REQUIRED ACTION — In the material below, pictures must be dropped. Repeat exactly, and only, the lines from the line with "Elazığ İl Emniyet" to the line with "Merhaba, ben Burak.", both ends included.

(Beginning of RECORDS SHOWN)

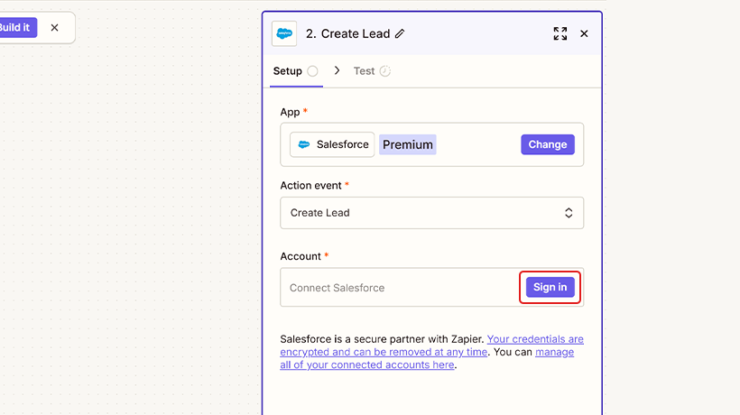 5. Zapier will now prompt you to connect your Salesforce account. Click the “Sign in” button. A pop-up window will appear, asking you to log in to your Salesforce account. Enter your credentials and grant Zapier permission to access your account.
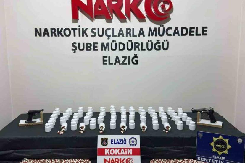 Elazığ İl Emniyet Müdürlüğü Narkotik ekiplerince düzenlenen uyuşturucu operasyonunda 802 gram kokain, çok sayıda sentetik ecza ve ruhsatsız silah ele geçirilirken, bir şüpheli tutuklandı.
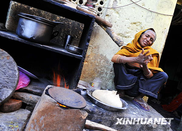 | 2月19日,在位于印度新德里南部的一處貧民窟內(nèi),一名婦女在做飯。 |
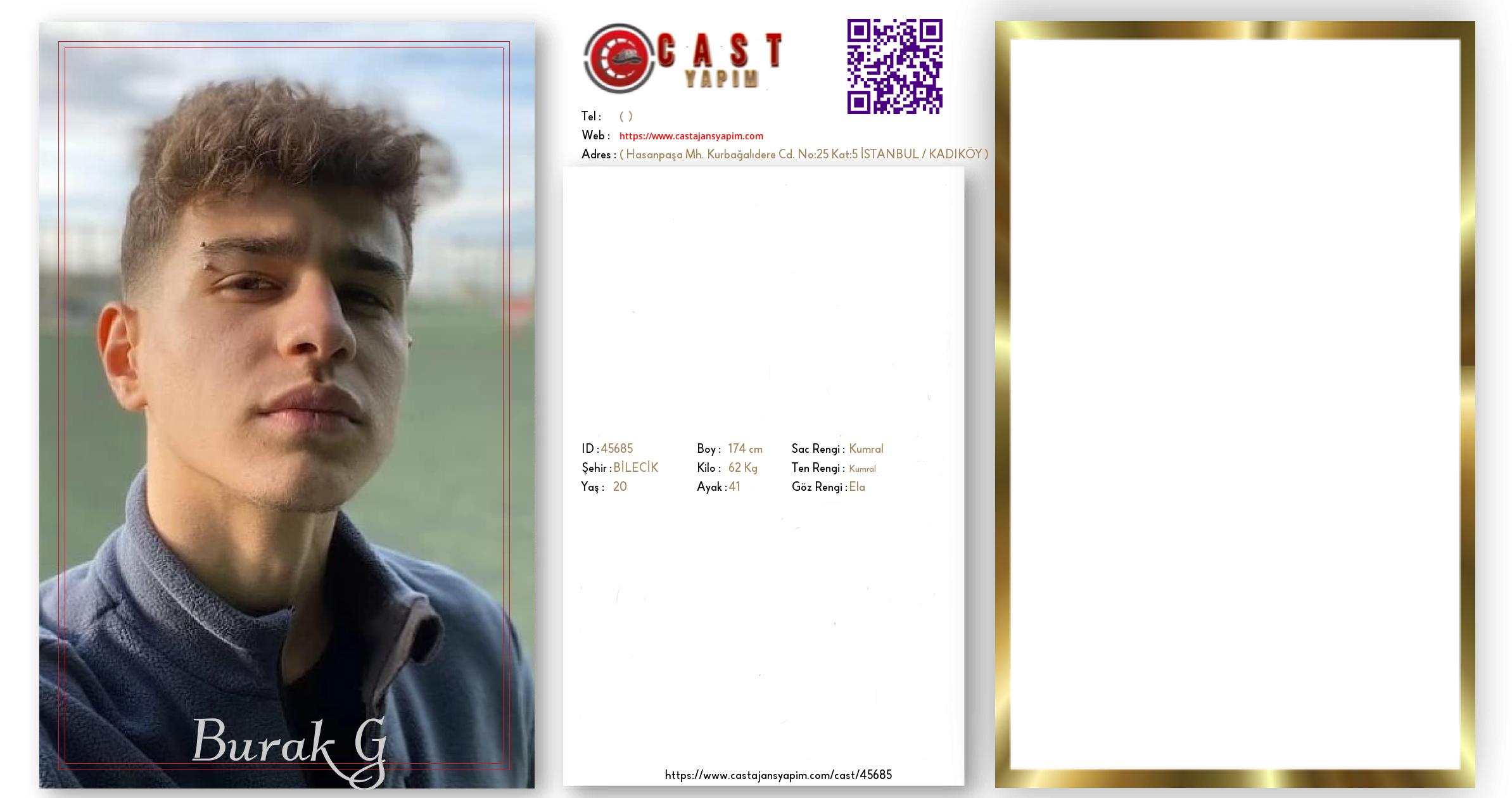 Merhaba, ben Burak. BİLECİK şehrinde yaşıyorum ve 20 yaşındayım. Genel özelliklerim arasında boyum 174 cm, kilom 62 kg, saç rengim Kumral, göz rengim Ela, ten rengim Kumral.
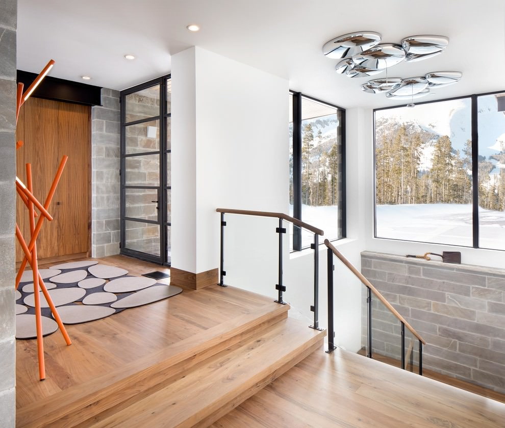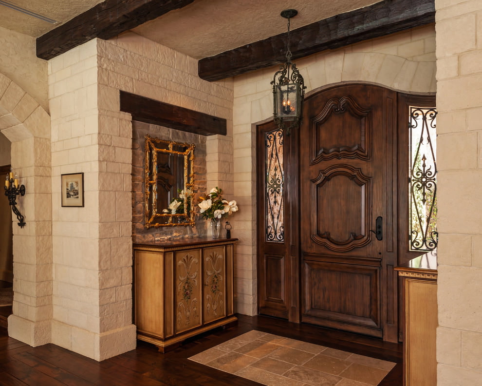 Другая распространенная фактура – песчаник. В отличие от сланца, более крупная и колоритная и далеко не всегда может вписаться в не самые просторные размеры городских прихожих. Зато в частных домах смотрится великолепно, выгодно подчеркивая внушительные масштабы помещения.

(End of RECORDS SHOWN)

TASK SOLUTION —
 Elazığ İl Emniyet Müdürlüğü Narkotik ekiplerince düzenlenen uyuşturucu operasyonunda 802 gram kokain, çok sayıda sentetik ecza ve ruhsatsız silah ele geçirilirken, bir şüpheli tutuklandı.
 | 2月19日,在位于印度新德里南部的一處貧民窟內(nèi),一名婦女在做飯。 |
 Merhaba, ben Burak. BİLECİK şehrinde yaşıyorum ve 20 yaşındayım. Genel özelliklerim arasında boyum 174 cm, kilom 62 kg, saç rengim Kumral, göz rengim Ela, ten rengim Kumral.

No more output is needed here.